** COLLECTED MATERIAL follows **

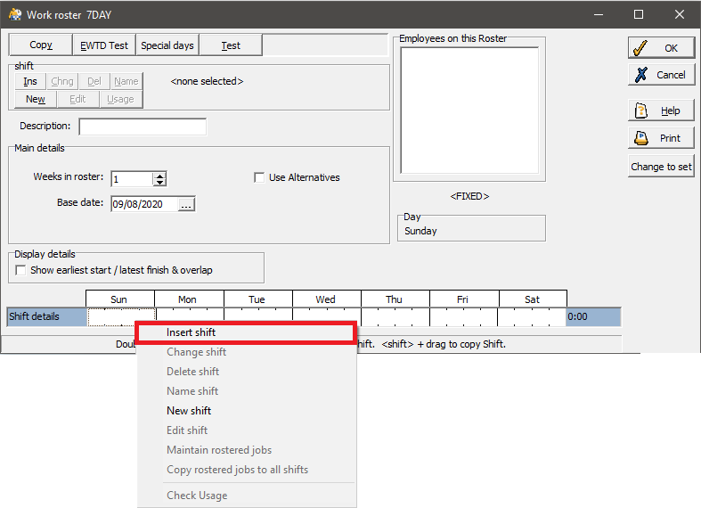 This will open the Maintain shifts window, which will display your currently created shifts. There are two important drop-down menus on this screen:
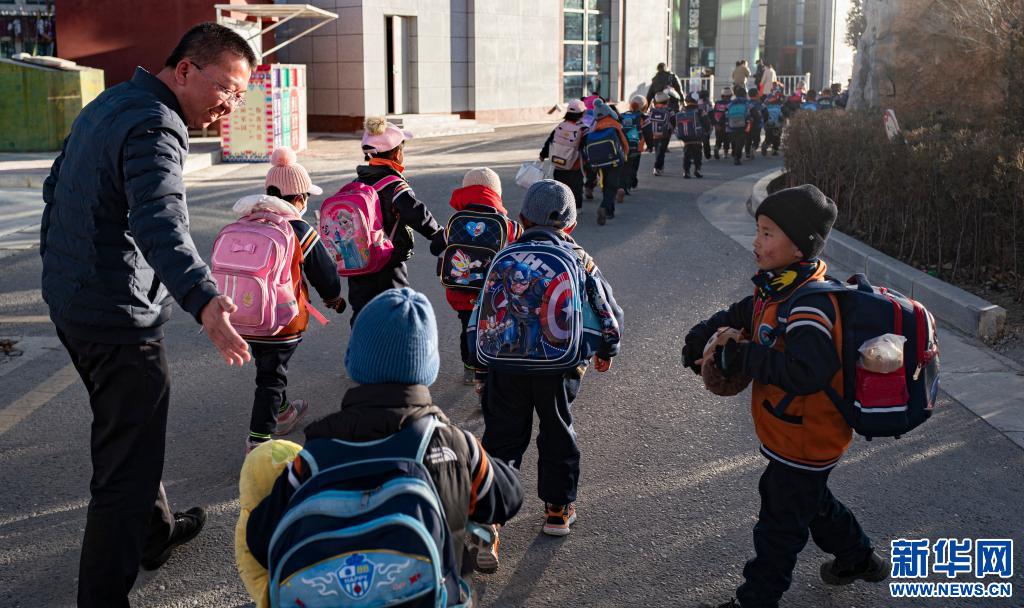 援藏教師潘傑和藏族學生在一起(12月12日攝)。
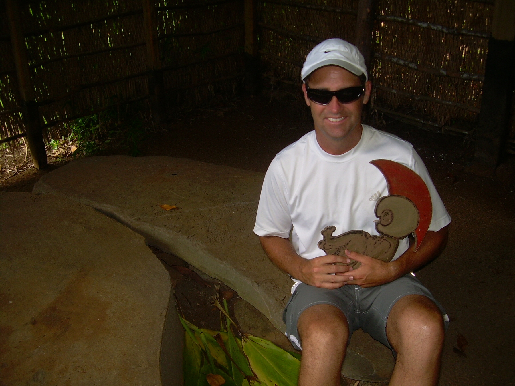 This is John during our vacation in Kauai (my favorite island of them all). We took this photo inside a birthing hut of an old village. From the shape of the two stones, I believe the woman giving birth sat right in the middle. Huge leaves are on the ground in the opening. I was just going to take a picture of the spot when John picked up a carving of the baby on top of the leaves and held it in his arms. See, now wouldn’t he make the best dad?!
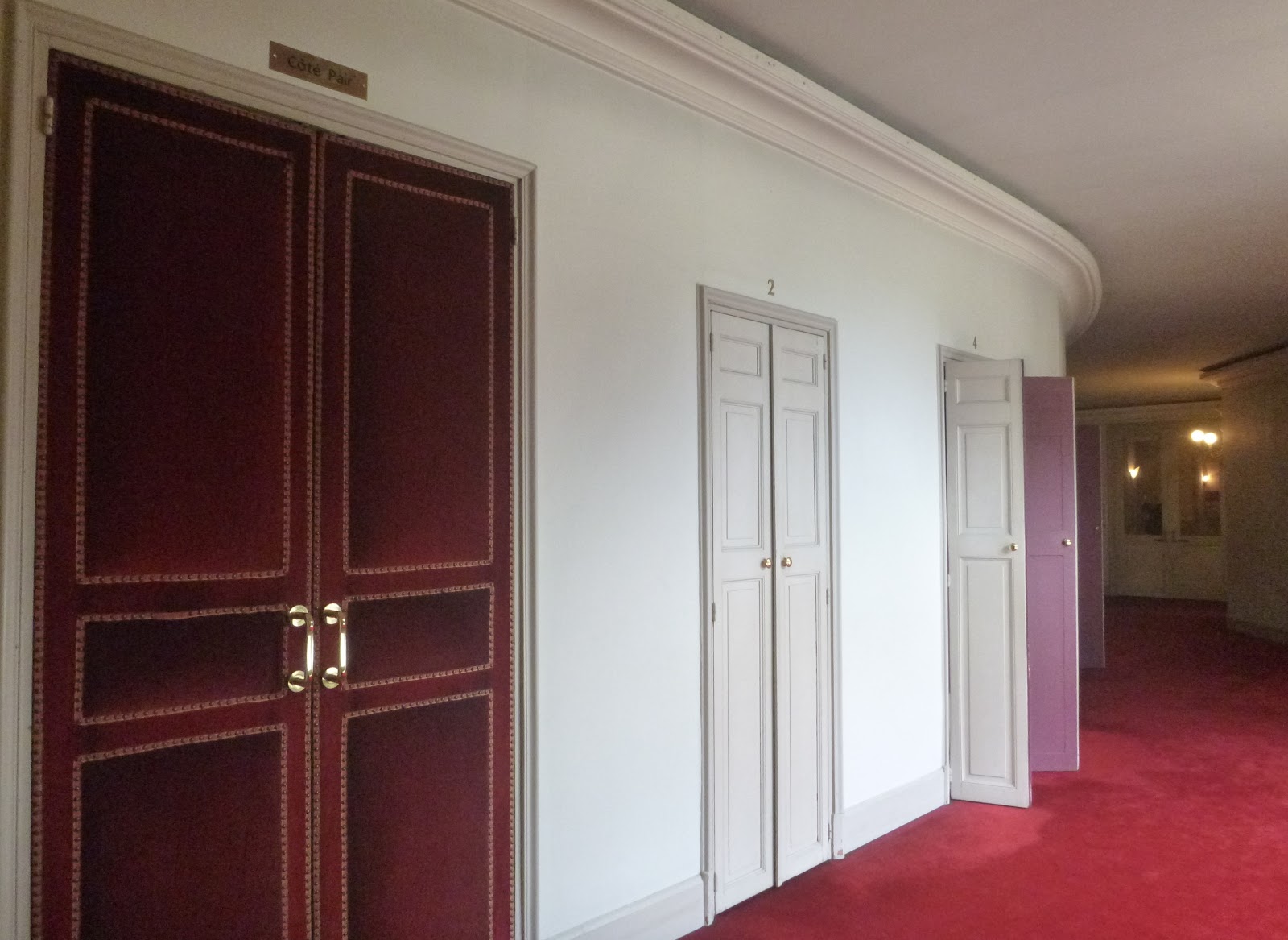 Cette parenthèse achevée, n'hésitez pas à arpenter les différentes parties de la salle : on voit bien les différence de largeur de rangées entre le parterre ou les galeries, les positions habituelles des spectateurs qui s'appuient sur le velours rouge...

** End of COLLECTED MATERIAL **

* **WHAT THE EXERCISE ASKS**: Word for word, restate all of the data, but do not copy the pictures.

* **ANSWER AREA**:
 This will open the Maintain shifts window, which will display your currently created shifts. There are two important drop-down menus on this screen:
 援藏教師潘傑和藏族學生在一起(12月12日攝)。
 This is John during our vacation in Kauai (my favorite island of them all). We took this photo inside a birthing hut of an old village. From the shape of the two stones, I believe the woman giving birth sat right in the middle. Huge leaves are on the ground in the opening. I was just going to take a picture of the spot when John picked up a carving of the baby on top of the leaves and held it in his arms. See, now wouldn’t he make the best dad?!
 Cette parenthèse achevée, n'hésitez pas à arpenter les différentes parties de la salle : on voit bien les différence de largeur de rangées entre le parterre ou les galeries, les positions habituelles des spectateurs qui s'appuient sur le velours rouge...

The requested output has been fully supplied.